* _Goal of the exercise_:
From the listing below, output only the lines starting at the line that has "Drawing from Castoriadis’" and ending at the line that has "- You can also", exactly as they appear, ends included.

* _Data for the task_:
* * * * * * * * *
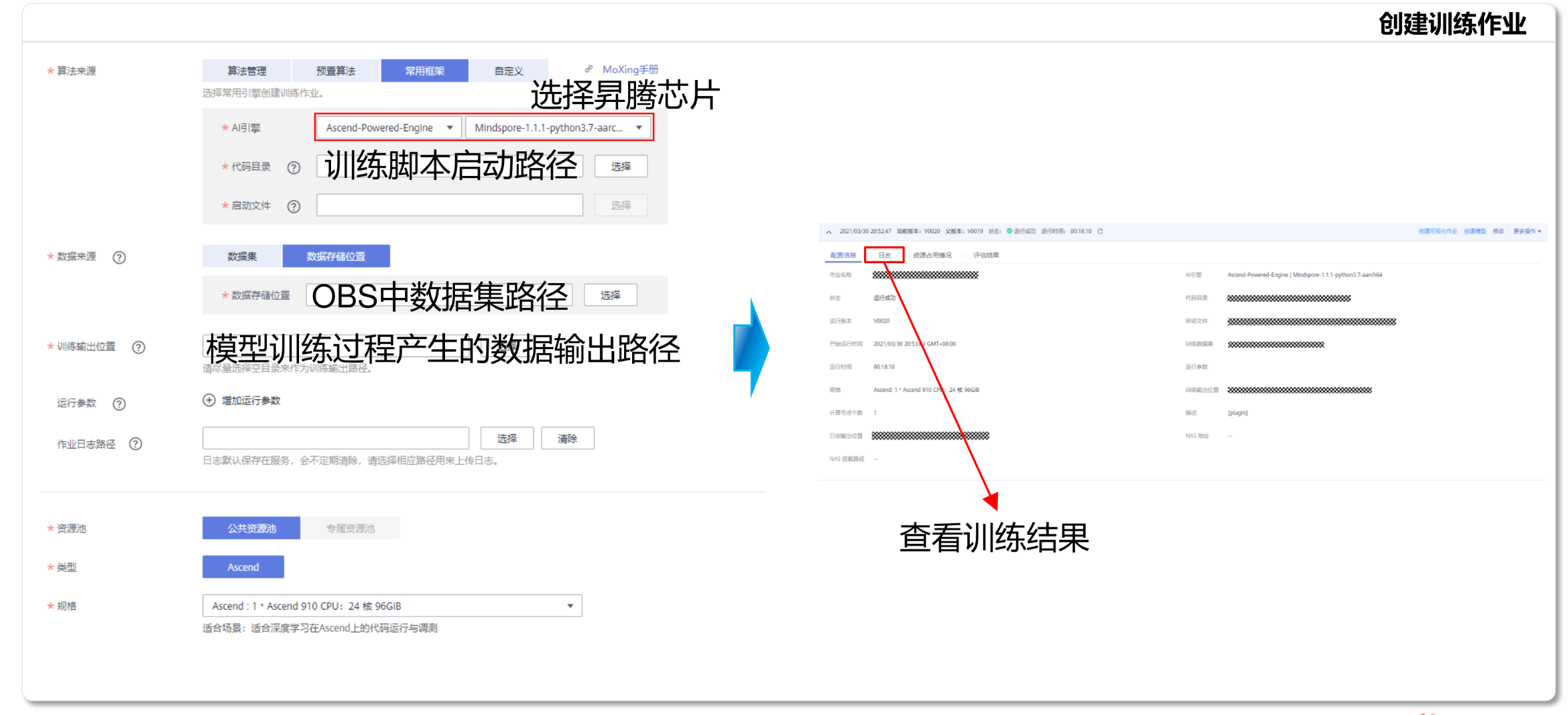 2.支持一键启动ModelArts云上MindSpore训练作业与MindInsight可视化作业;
* * * * * * * * *
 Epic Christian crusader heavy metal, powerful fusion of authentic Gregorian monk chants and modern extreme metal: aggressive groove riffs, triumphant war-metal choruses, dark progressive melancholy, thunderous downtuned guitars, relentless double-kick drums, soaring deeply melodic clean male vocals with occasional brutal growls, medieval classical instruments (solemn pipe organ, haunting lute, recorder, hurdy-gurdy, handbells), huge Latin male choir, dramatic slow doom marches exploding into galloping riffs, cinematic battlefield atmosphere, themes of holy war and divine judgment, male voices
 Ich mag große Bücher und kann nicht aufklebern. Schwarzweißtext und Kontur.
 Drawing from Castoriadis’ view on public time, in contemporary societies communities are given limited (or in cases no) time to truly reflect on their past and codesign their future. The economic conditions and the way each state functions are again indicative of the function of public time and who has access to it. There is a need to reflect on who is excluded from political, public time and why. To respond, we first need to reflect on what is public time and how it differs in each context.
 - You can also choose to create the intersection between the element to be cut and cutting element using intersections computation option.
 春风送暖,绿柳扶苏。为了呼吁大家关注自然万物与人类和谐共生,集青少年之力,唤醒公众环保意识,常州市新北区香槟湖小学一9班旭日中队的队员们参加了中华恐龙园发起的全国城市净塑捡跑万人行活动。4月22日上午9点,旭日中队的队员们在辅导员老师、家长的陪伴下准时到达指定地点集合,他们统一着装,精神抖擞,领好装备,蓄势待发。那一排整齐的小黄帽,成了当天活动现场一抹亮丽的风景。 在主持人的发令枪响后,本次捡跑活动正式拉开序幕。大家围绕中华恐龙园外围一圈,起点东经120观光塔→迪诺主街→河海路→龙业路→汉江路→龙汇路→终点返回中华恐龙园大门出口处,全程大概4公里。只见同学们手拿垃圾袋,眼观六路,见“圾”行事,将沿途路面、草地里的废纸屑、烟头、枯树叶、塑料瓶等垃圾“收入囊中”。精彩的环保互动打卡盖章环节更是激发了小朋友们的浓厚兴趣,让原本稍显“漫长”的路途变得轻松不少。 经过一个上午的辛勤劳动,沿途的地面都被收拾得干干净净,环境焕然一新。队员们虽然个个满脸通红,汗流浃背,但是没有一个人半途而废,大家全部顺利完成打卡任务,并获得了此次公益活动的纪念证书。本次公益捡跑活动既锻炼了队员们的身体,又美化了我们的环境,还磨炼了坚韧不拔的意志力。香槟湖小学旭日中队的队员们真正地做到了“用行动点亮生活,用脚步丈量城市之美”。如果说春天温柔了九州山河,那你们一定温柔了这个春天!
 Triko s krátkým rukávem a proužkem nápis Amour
* * * * * * * * *
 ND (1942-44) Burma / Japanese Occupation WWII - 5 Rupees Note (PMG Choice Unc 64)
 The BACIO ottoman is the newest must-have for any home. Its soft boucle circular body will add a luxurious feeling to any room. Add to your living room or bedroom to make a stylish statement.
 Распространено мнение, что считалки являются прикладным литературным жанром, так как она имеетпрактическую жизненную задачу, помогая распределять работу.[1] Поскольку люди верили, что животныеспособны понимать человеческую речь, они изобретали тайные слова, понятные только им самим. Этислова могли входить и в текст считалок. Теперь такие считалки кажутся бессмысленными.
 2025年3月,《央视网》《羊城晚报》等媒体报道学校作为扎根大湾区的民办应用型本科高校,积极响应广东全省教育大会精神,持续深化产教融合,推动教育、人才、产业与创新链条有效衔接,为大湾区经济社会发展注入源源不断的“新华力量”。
* * * * * * * * *
* _Solution to the exercise_:
 Drawing from Castoriadis’ view on public time, in contemporary societies communities are given limited (or in cases no) time to truly reflect on their past and codesign their future. The economic conditions and the way each state functions are again indicative of the function of public time and who has access to it. There is a need to reflect on who is excluded from political, public time and why. To respond, we first need to reflect on what is public time and how it differs in each context.
 - You can also choose to create the intersection between the element to be cut and cutting element using intersections computation option.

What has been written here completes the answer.